The captain of Alaska Ranger died in the sinking, so it is unknown why he did not stop the diesel engines. The Coast Guard had tested the engine emergency shutoff system a year before the sinking and reported that it functioned properly. The vessel moving full astern meant that two of the three inflatable liferafts were separated from the ship. This meant that 25 crew members that had jumped into the water never got to one of the three liferafts.

=== United States Coast Guard Marine Board of Investigation ===
The United States Coast Guard also investigated the sinking through a Marine Board of Investigation. The Marine Board's Report of Investigation determined a different scenario related to the cause of the casualty. The Marine Board reviewed thousands of pages of documents and photographs related to the maintenance and repair of the vessel, and examined in-depth the installation of the Kort nozzles. The Marine Board also examined in detail the rudder installation.

As a result of this analysis the report concluded that "Though the exact initiating event that created the source of flooding is unknown, it was likely related to the poor material condition of the vessel and may have been related to the Kort nozzle struts which are believed to have experienced excessive stresses where they were attached to the hull." The report added that the owners of the ship "failed to properly maintain the structural condition of the Alaska Ranger".

==Crew rescue==
The unexpected and unexplained flooding of the ship meant that the crew had to abandon the vessel at night, into the frigid waters of the Bering Sea. Radio pleas for help were forwarded to a US Coast Guard vessel, which moved toward the area while dispatching helicopters. By the end of the effort, 42 of the 47-person crew had been located and brought safely to shore, most suffering severe hypothermia.
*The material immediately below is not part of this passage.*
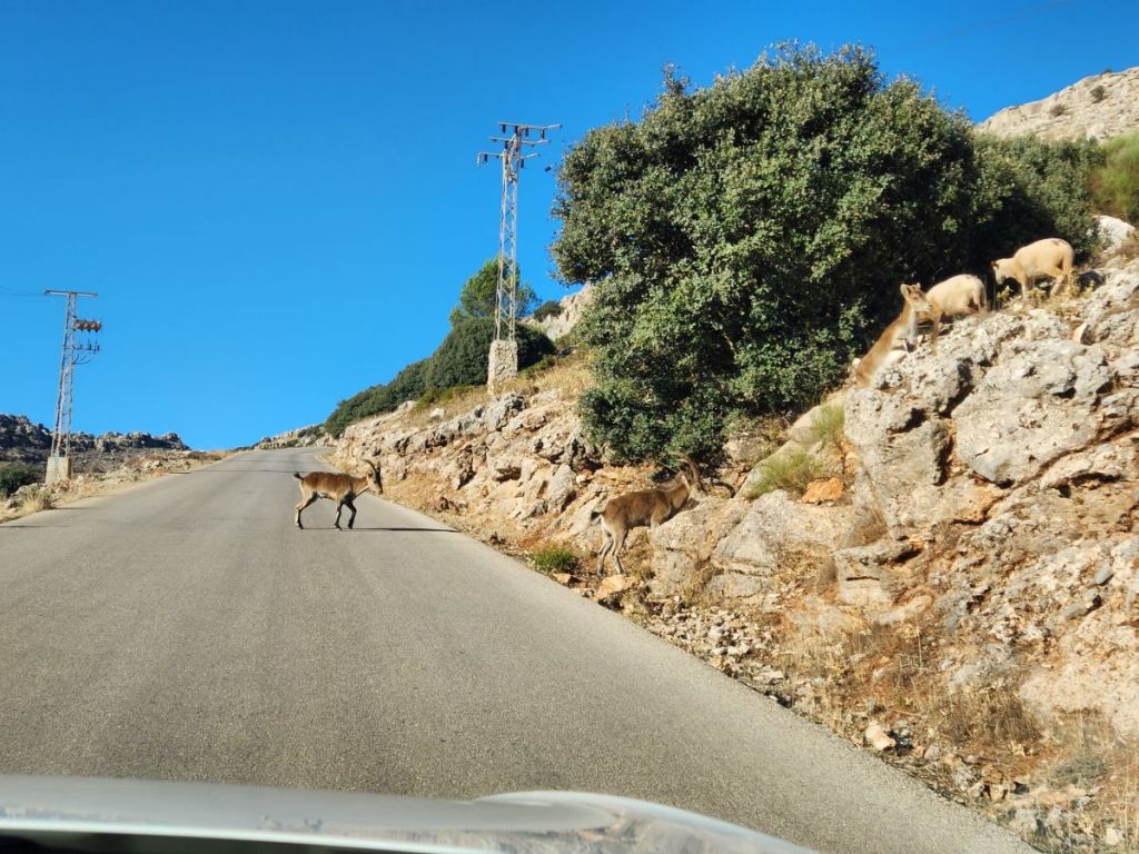 And of course, being us, there are goats. Lots of goats running all over the road and along the craggy landscape next to the road. At least we are in a car this time! Oh and deer, who just stand there and look at us as we stop and take pictures.
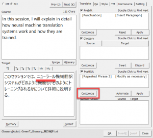 オフにすると、上記の準備で説明したように[Customize]ボタンにて登録した語句のみが指摘されるようになります。

The rescue was carried out by a USCG HH-60 Jayhawk which was stationed on Saint Paul Island, AK and a HH-65 Dolphin which was attached to the USCGC Douglas Munro, which rescued 20 people, and 22 were rescued by Alaska Ranger’s sister ship FV Alaska Warrior. The ship sank 180 miles west of Dutch Harbor.

Aviation Week & Space Technology magazine awarded its 2009 Aviation Week Heroism Award to the U.S. Coast Guard Rescue Team involved in this rescue operation, stating: "The two helicopter crews displayed exceptional risk mitigation and airmanship in fighting time, distance and weather – including snow squalls, a −24°F wind chill, 15 ft seas and 30 kt winds – to rescue survivors. The USCG deems the operation the largest cold-water rescue in its history."

== In pop culture ==
The story of the sinking and subsequent rescue was published in 2010 as Deadliest Sea: The Untold Story Behind the Greatest Rescue in Coast Guard History by Kalee Thompson.

A brief version of the Alaska Ranger story was told at the conclusion of the Deadliest Catch season 4 finale.

A Discovery Channel program Mayday! Bering Sea covers the accident and rescue.

Featured in season 1, episode 5 of Disasters at Sea-Shipwrecked in Alaska that aired on Quest (UK) and Smithsonian (US).